How you touch the screen points to where you live
Computer firm HP is currently researching ‘touch dialects’ – the different ways that people around the world like to interact with touch screen PCs.
HP Vice President Phil McKinney told Computeractive that although most users in the US and Europe seem happy to use touch screens by prodding with one finger, this was not a universal gesture.
In some cultures pointing this way is considered socially unacceptable, so people used several fingers at once to poke the screen. Similarly, US and European users are used to resizing images by using two fingers and a “pinching” gesture, but in other areas people like to drag the corners of the image apart or pull the straight edges.

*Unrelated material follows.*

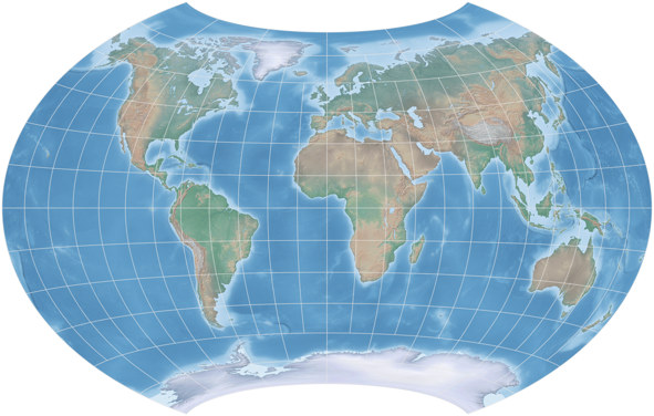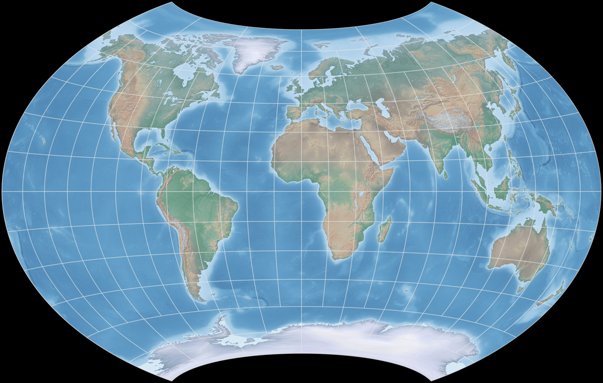 Keiner davon hat irgendeine besondere Eigenschaft oder zeigt eine außergewöhnlich vorteilhafte Reduzierung von Verzerrungen, sie sind nur Beispiele für meiner Meinung nach visuell ansprechende lentikuläre, vermittelnde Projektionen. Und derzeit ist der BCW-A II mein Favorit dieses Trios (allerdings hat sich das schon mal geändert und könnte sich wieder ändern).

Mr McKinney said that some test subjects had even tried to lift and drop one corner of the image, and when this failed had attempted to shake the picture free.

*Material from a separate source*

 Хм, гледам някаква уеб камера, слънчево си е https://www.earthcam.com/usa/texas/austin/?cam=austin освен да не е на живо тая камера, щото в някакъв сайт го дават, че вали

He added that PC makers would ideally need to “embed more intelligence” into a touch screen device so it can discern which dialect a user prefers and read their commands accordingly.
This kind of system is some way off, but HP has “begun the process of collecting the touch dialects”.

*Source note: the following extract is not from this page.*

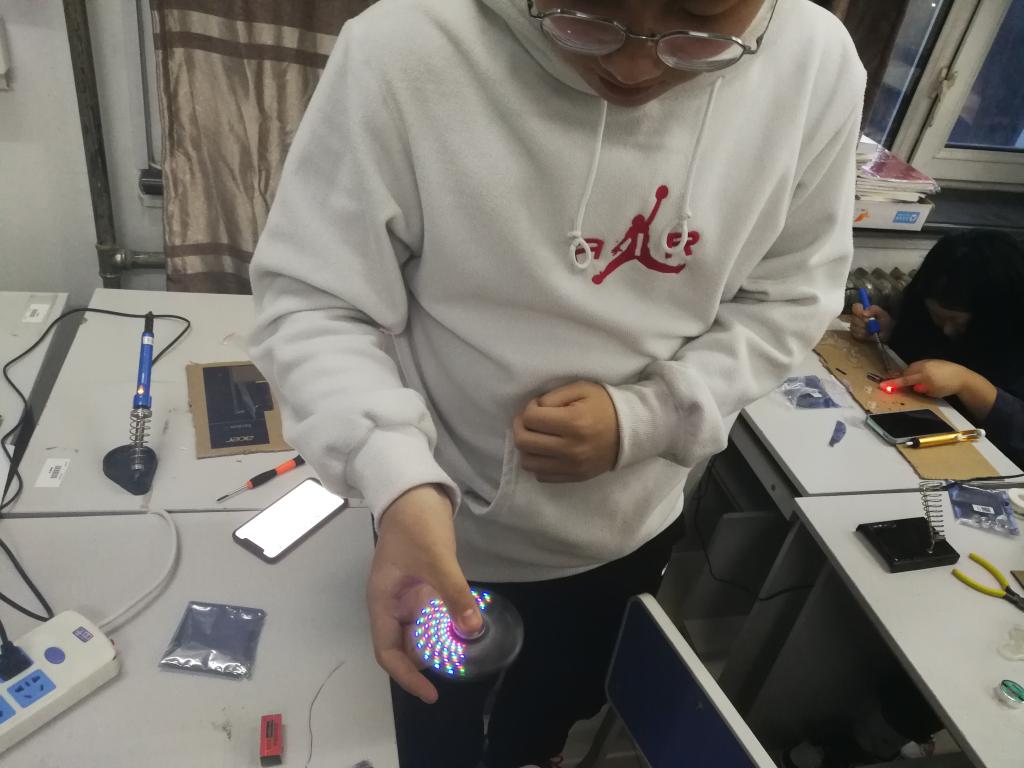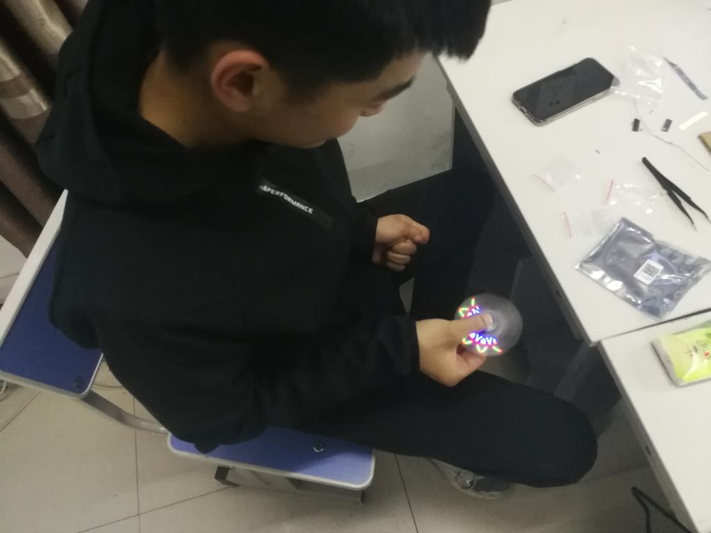 此次比赛由专业长陈国清担任评委,以“手指LED旋转陀螺”为焊接比赛项目。活动开始,陈国清老师进行现场指导,由于是“贴片元件”焊接,原件很小,焊接难度很高,要求同学们掌握“贴片”焊接工艺和技术要点。随着比赛进行,同学们在焊接过程看着作品逐步完成的同时,更是获得了巨大的收获。最后,在评委老师的检查下,同学们完成了自己的“贴片”焊接套件作品。最终,藏虎林等6名同学获得一等奖,梁伯森等3名同学获得二等奖,周晶等人获得三等奖。

Mr McKinney said the problem is “not limited to touch, but also gestures and so on … hand gestures people use are very local.” The company “has an entire lab that’s just focused on touch, gesture and voice controls … and testing them around the world”.
He said that the company has recently been testing its touch screen computers in India in an effort to work out how suitable they are for families with mixed literacy levels, as “keyboards assume literacy”.
“The response from these tests was very positive”, he added. “Touch, as an interface, can help you get over that digital divide”.